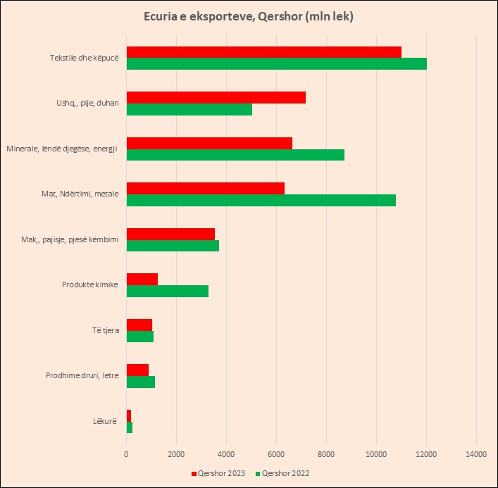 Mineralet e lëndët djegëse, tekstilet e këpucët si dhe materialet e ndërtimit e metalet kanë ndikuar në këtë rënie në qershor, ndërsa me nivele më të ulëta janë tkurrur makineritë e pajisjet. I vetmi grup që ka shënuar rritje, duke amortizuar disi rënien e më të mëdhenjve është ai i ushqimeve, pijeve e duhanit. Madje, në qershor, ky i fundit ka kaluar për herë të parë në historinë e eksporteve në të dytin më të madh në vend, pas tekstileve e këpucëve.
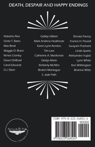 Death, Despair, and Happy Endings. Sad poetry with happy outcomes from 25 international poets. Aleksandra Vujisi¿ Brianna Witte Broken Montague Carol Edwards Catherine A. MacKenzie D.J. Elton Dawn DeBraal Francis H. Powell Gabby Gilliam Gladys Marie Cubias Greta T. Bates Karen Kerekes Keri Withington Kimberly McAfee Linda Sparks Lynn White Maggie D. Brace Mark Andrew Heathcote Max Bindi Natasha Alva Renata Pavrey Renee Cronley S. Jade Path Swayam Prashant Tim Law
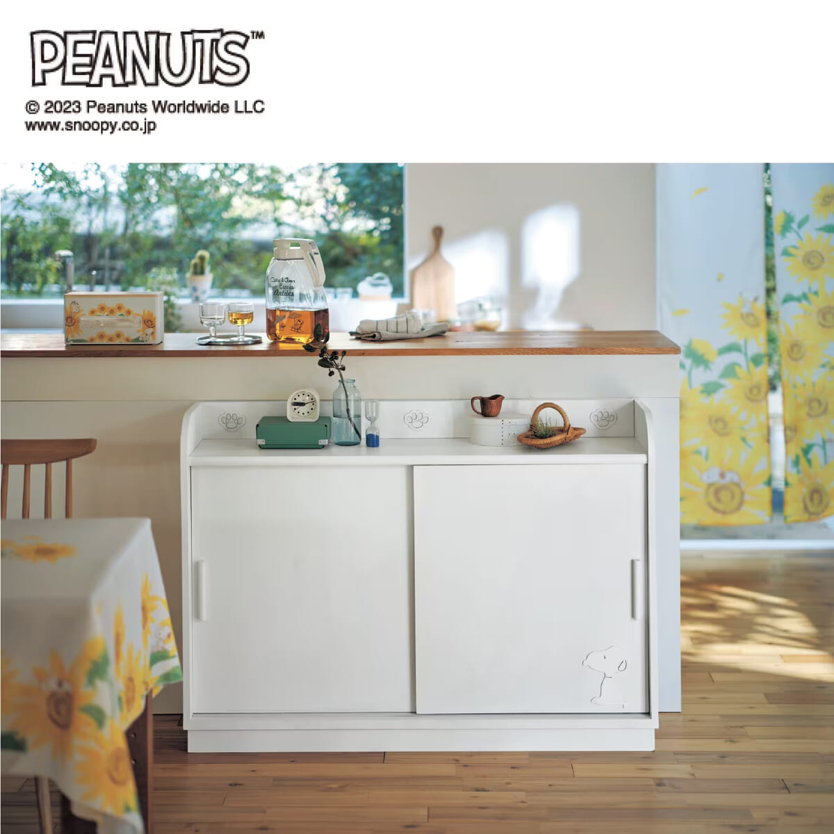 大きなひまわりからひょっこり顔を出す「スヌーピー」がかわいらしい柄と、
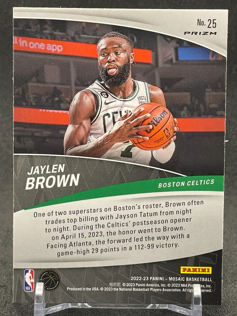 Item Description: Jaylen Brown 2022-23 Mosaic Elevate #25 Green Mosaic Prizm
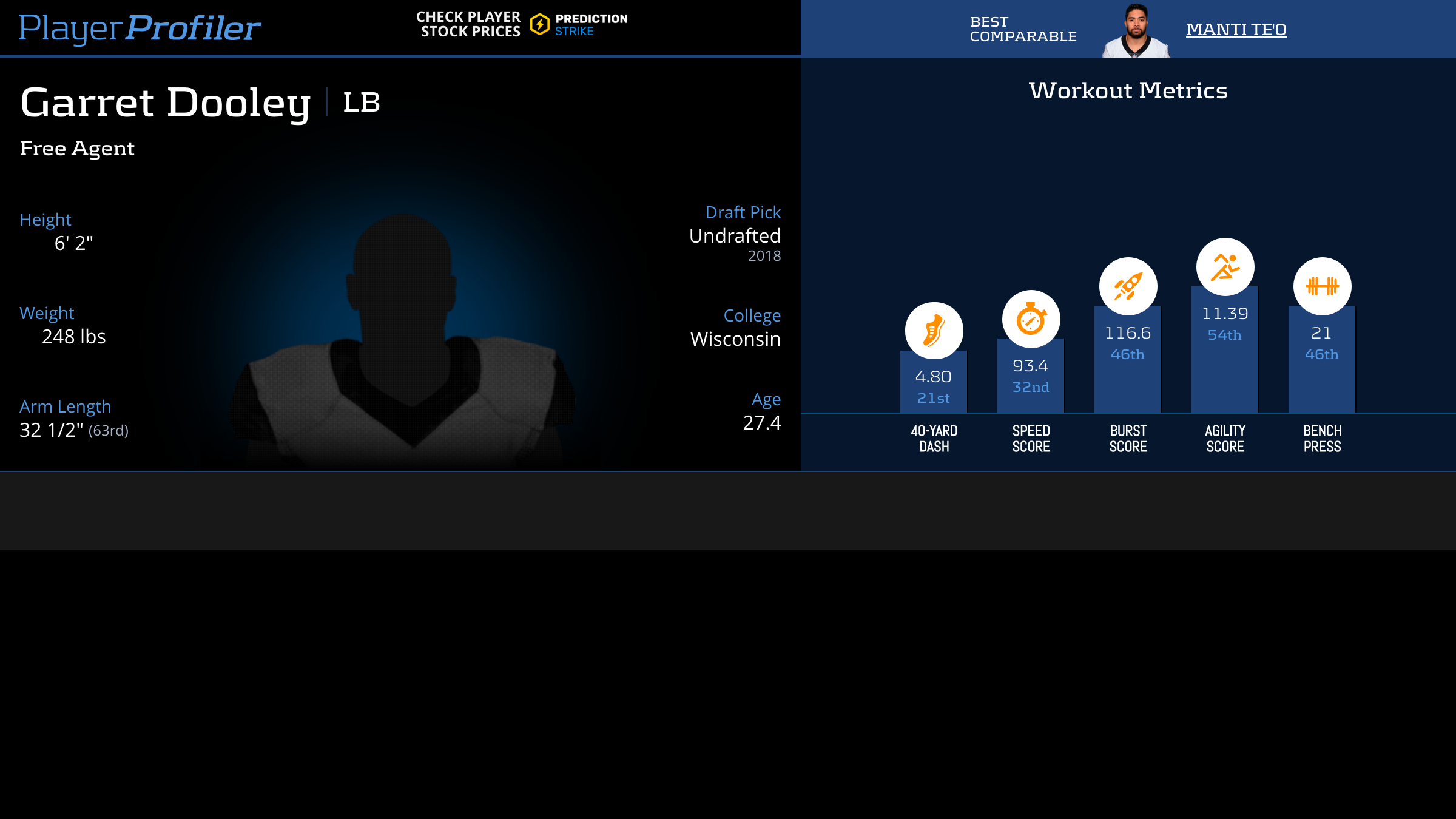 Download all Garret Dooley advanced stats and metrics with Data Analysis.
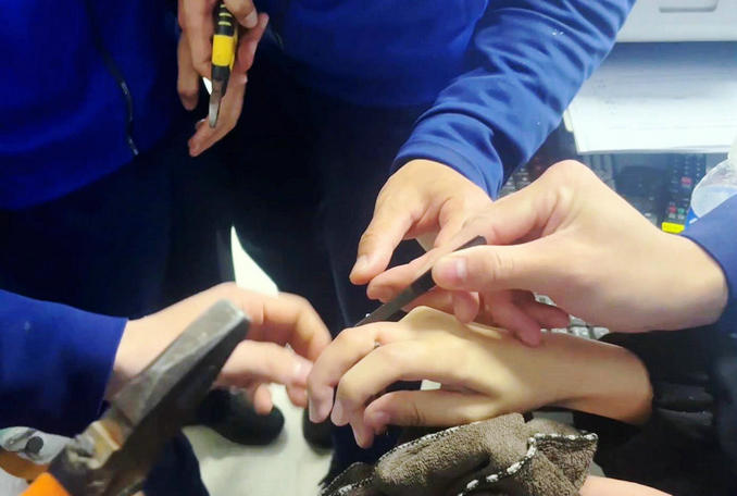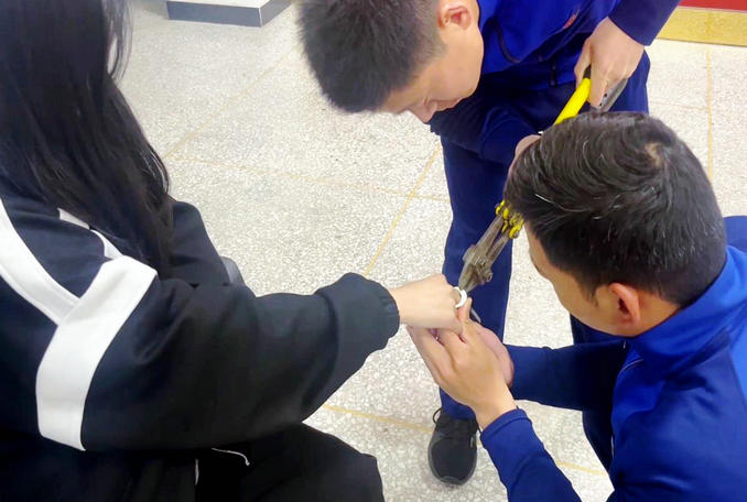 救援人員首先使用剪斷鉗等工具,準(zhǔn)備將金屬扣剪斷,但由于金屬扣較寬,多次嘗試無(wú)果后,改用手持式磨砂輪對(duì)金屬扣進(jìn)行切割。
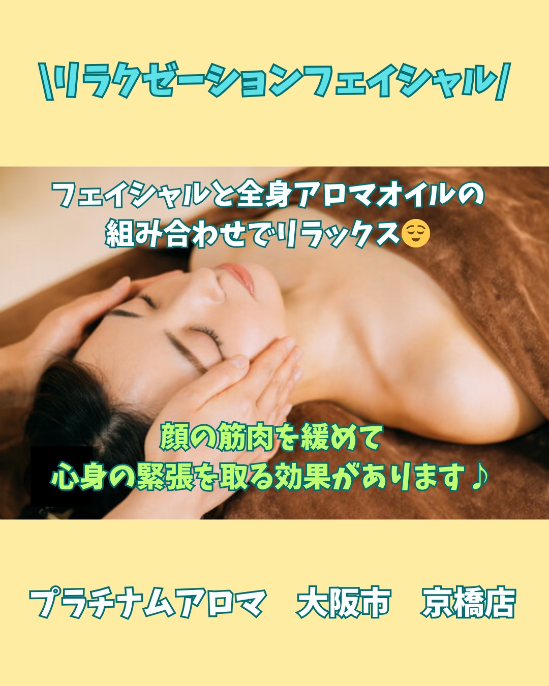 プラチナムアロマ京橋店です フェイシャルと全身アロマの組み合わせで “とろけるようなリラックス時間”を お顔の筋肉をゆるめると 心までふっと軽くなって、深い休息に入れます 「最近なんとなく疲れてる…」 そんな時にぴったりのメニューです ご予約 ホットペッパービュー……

--

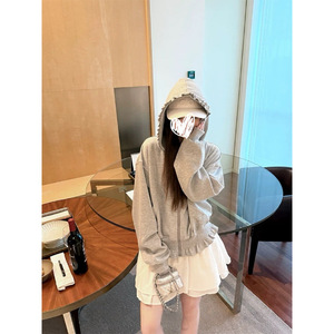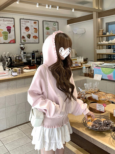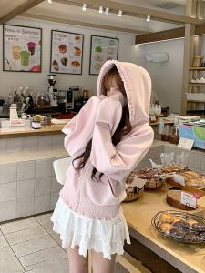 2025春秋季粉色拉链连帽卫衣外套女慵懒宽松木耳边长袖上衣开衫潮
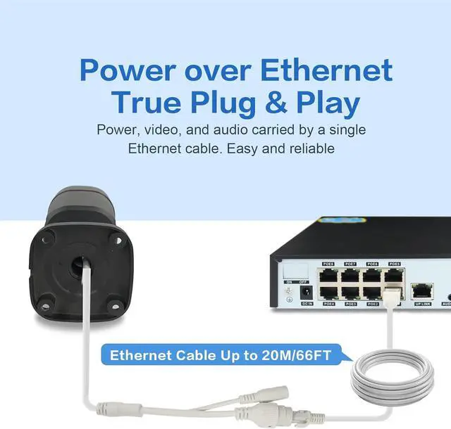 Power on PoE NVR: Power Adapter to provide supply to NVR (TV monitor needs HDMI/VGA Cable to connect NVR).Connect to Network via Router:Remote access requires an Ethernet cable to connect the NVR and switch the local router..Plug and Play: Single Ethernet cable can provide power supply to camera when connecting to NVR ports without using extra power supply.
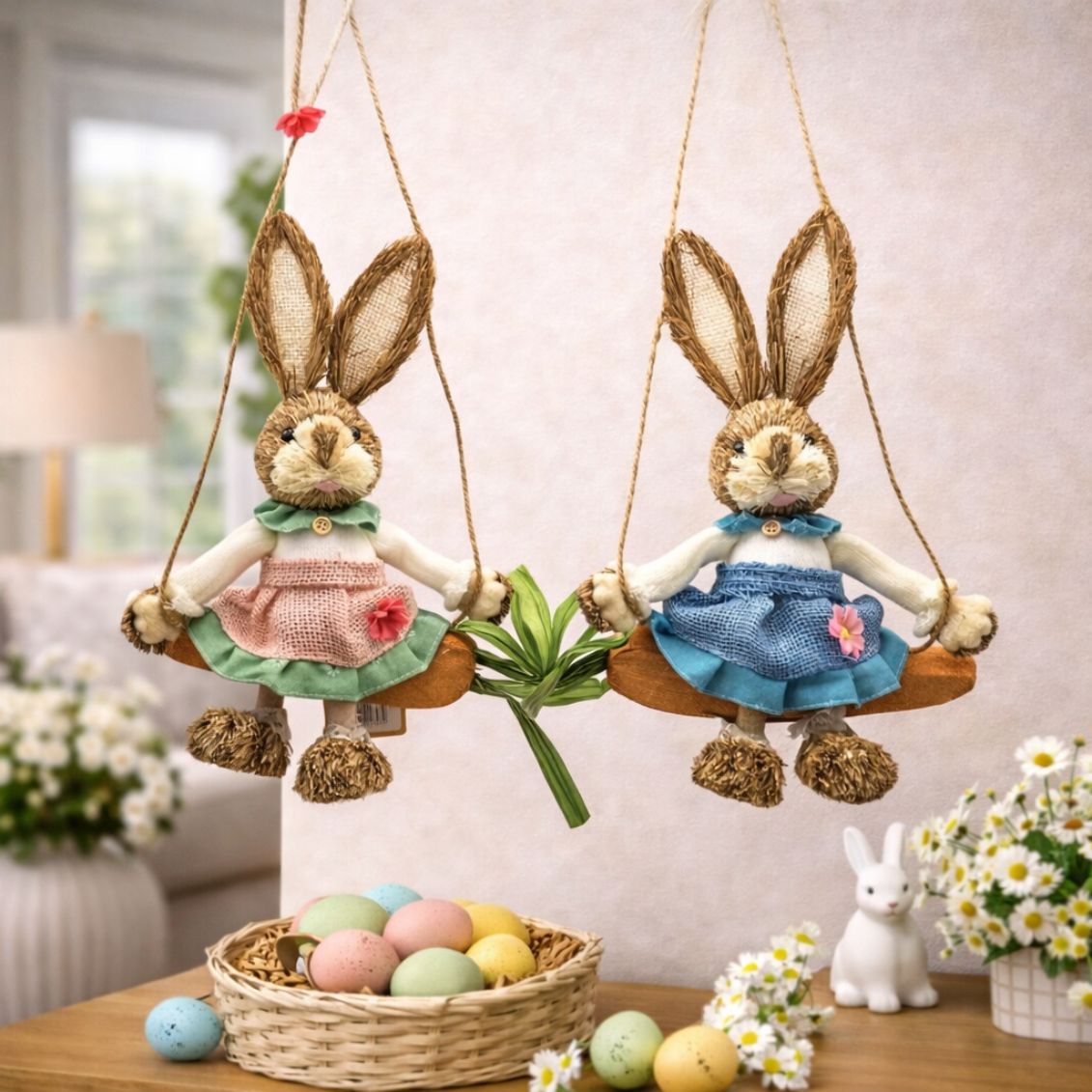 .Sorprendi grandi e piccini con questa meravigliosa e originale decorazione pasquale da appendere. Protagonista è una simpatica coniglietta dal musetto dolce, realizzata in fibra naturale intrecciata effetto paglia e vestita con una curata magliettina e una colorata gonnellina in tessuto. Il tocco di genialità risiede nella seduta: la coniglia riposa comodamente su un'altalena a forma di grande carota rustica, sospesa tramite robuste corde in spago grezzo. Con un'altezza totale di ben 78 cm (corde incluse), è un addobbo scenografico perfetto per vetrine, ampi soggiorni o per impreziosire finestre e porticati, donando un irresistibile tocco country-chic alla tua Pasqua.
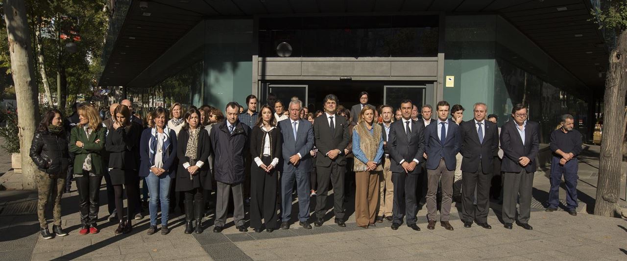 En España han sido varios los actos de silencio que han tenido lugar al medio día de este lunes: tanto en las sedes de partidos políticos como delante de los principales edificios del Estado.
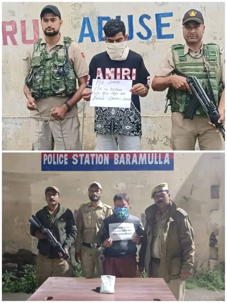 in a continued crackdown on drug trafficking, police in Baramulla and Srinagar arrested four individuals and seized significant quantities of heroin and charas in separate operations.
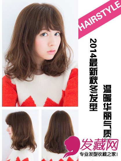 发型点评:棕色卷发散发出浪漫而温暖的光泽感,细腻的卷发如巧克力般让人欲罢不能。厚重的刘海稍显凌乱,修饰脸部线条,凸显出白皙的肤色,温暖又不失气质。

==

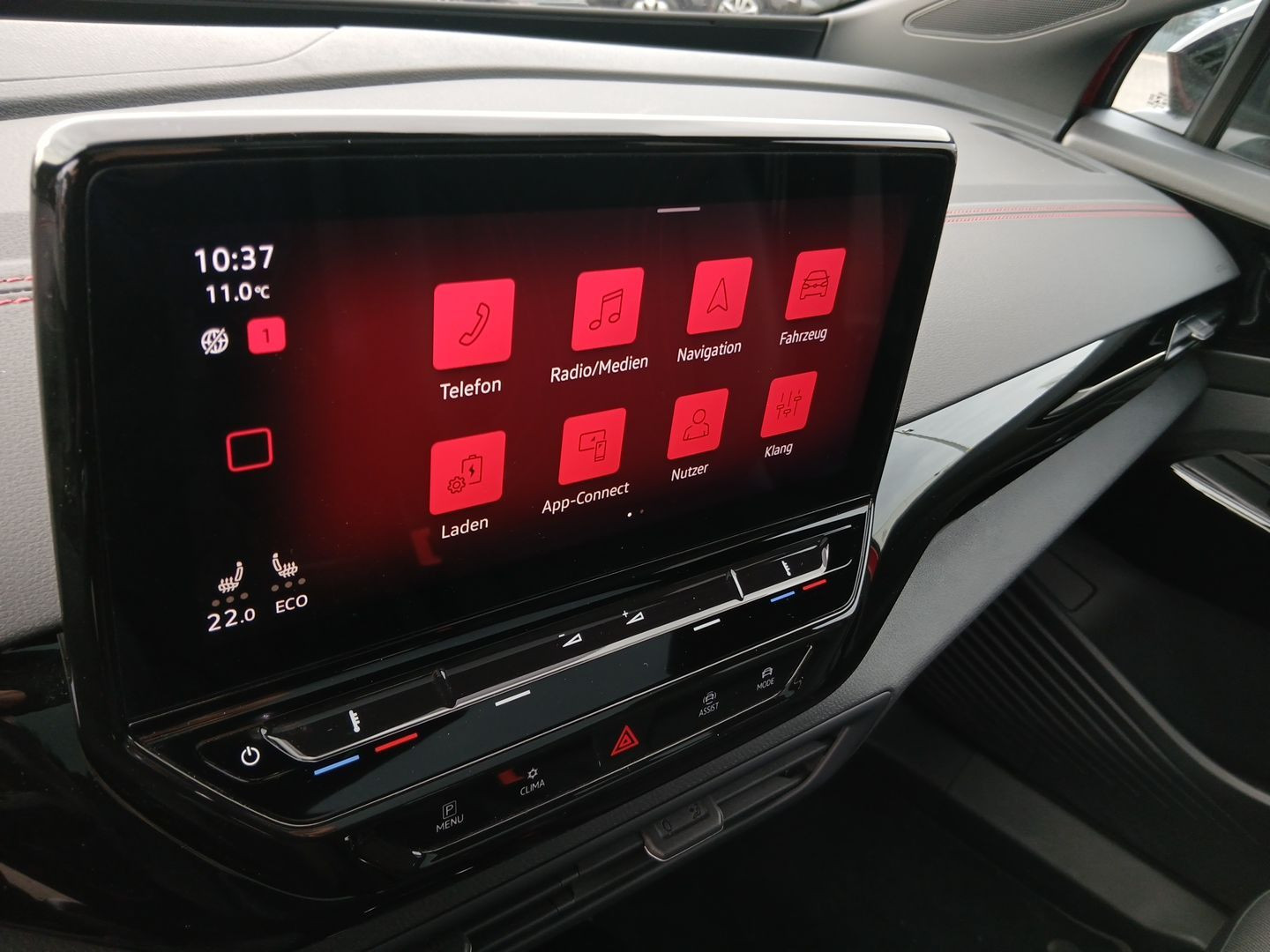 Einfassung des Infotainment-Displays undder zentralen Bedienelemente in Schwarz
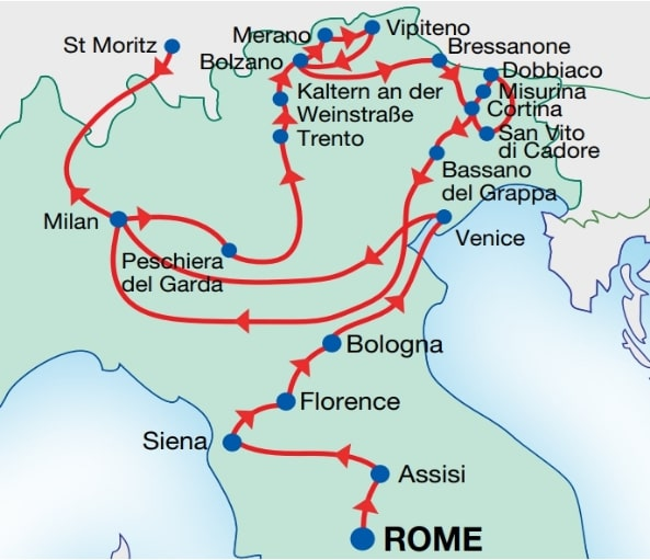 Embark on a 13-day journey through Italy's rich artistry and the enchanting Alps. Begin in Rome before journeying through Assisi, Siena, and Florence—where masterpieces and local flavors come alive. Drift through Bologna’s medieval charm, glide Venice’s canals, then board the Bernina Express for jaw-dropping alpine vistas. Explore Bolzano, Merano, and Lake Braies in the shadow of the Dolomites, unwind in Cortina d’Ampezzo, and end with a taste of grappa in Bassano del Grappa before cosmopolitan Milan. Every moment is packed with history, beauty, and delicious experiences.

_Work to be completed_. Please repeat, exactly as written, the lines in the records above, starting with the one that has "Mineralet e lëndët" and going on through the one that has "救援人員首先使用剪斷鉗等工具". Pictures are to be left out.

_Result below_.
 Mineralet e lëndët djegëse, tekstilet e këpucët si dhe materialet e ndërtimit e metalet kanë ndikuar në këtë rënie në qershor, ndërsa me nivele më të ulëta janë tkurrur makineritë e pajisjet. I vetmi grup që ka shënuar rritje, duke amortizuar disi rënien e më të mëdhenjve është ai i ushqimeve, pijeve e duhanit. Madje, në qershor, ky i fundit ka kaluar për herë të parë në historinë e eksporteve në të dytin më të madh në vend, pas tekstileve e këpucëve.
 Death, Despair, and Happy Endings. Sad poetry with happy outcomes from 25 international poets. Aleksandra Vujisi¿ Brianna Witte Broken Montague Carol Edwards Catherine A. MacKenzie D.J. Elton Dawn DeBraal Francis H. Powell Gabby Gilliam Gladys Marie Cubias Greta T. Bates Karen Kerekes Keri Withington Kimberly McAfee Linda Sparks Lynn White Maggie D. Brace Mark Andrew Heathcote Max Bindi Natasha Alva Renata Pavrey Renee Cronley S. Jade Path Swayam Prashant Tim Law
 大きなひまわりからひょっこり顔を出す「スヌーピー」がかわいらしい柄と、
 Item Description: Jaylen Brown 2022-23 Mosaic Elevate #25 Green Mosaic Prizm
 Download all Garret Dooley advanced stats and metrics with Data Analysis.
 救援人員首先使用剪斷鉗等工具,準(zhǔn)備將金屬扣剪斷,但由于金屬扣較寬,多次嘗試無(wú)果后,改用手持式磨砂輪對(duì)金屬扣進(jìn)行切割。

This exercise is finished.